### PROBLEM TO WORK ON
Only the lines of the listing below that run from the line with "Πρόκειται, σύμφωνα με" through the line with "迪卡侬MW500户外马甲男士运动马甲聚酯内胆跑步背心男女马夹SAG1" are to be set down, word for word. Pictures stay out.

### STORED DATA
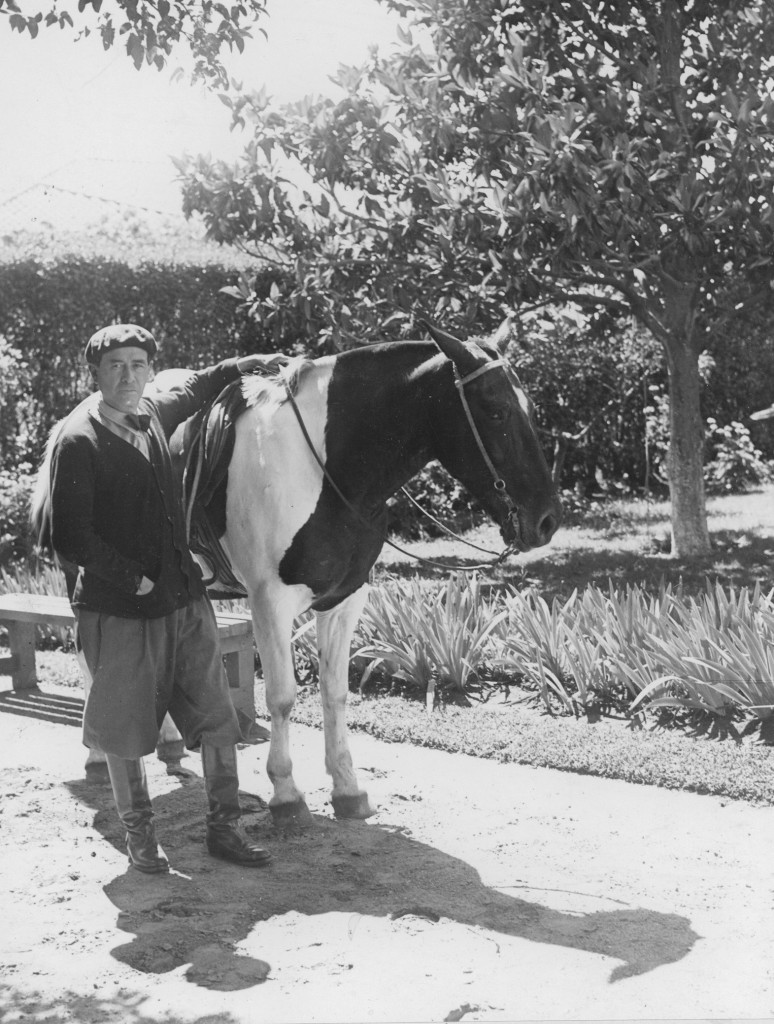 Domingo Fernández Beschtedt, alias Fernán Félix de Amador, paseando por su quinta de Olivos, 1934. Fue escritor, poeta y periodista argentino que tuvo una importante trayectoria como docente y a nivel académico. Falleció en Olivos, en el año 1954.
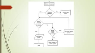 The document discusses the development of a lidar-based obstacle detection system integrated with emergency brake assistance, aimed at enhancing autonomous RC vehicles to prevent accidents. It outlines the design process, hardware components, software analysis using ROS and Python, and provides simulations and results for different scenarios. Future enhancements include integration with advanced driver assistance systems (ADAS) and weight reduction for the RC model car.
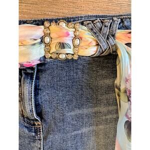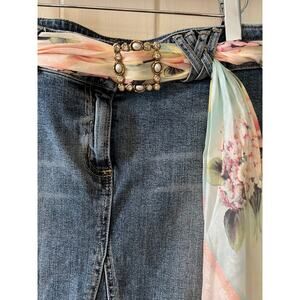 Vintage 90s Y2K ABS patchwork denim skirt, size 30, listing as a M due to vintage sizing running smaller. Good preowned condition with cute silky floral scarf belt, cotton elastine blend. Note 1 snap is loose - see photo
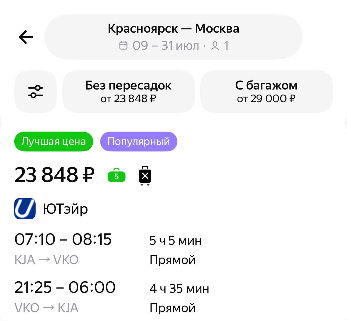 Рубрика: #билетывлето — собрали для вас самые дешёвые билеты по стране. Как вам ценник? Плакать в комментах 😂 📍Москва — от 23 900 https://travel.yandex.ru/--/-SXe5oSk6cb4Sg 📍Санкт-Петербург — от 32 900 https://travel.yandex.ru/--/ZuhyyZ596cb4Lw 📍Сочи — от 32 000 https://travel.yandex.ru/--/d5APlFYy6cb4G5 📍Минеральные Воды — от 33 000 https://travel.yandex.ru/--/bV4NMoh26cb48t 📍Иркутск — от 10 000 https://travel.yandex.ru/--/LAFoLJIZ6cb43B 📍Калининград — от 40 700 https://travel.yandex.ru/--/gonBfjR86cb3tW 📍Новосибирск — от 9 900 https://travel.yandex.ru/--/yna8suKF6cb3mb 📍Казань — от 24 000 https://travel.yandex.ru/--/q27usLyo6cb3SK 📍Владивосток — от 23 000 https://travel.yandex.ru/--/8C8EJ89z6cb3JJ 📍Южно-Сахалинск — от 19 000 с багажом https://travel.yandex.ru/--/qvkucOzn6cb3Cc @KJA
--
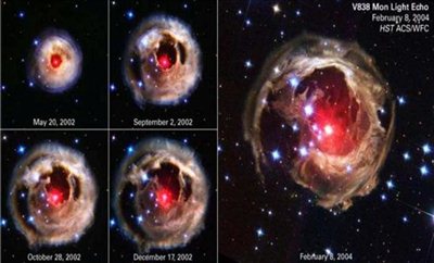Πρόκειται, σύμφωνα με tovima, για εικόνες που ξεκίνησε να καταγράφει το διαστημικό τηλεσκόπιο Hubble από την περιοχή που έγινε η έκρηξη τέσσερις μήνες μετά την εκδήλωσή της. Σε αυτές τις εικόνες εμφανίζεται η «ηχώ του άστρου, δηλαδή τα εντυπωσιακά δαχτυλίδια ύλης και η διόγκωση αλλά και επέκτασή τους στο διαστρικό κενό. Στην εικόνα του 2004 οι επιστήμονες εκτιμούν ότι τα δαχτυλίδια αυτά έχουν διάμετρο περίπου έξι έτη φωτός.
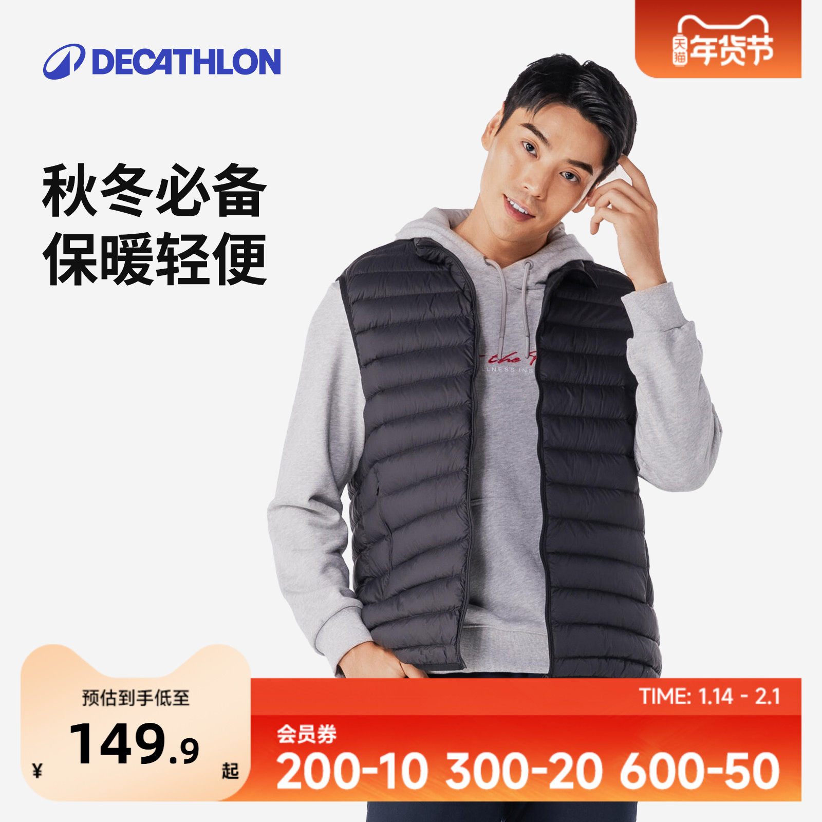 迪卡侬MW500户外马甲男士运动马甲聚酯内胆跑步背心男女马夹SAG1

### EXERCISE OUTPUT
Πρόκειται, σύμφωνα με tovima, για εικόνες που ξεκίνησε να καταγράφει το διαστημικό τηλεσκόπιο Hubble από την περιοχή που έγινε η έκρηξη τέσσερις μήνες μετά την εκδήλωσή της. Σε αυτές τις εικόνες εμφανίζεται η «ηχώ του άστρου, δηλαδή τα εντυπωσιακά δαχτυλίδια ύλης και η διόγκωση αλλά και επέκτασή τους στο διαστρικό κενό. Στην εικόνα του 2004 οι επιστήμονες εκτιμούν ότι τα δαχτυλίδια αυτά έχουν διάμετρο περίπου έξι έτη φωτός.
 迪卡侬MW500户外马甲男士运动马甲聚酯内胆跑步背心男女马夹SAG1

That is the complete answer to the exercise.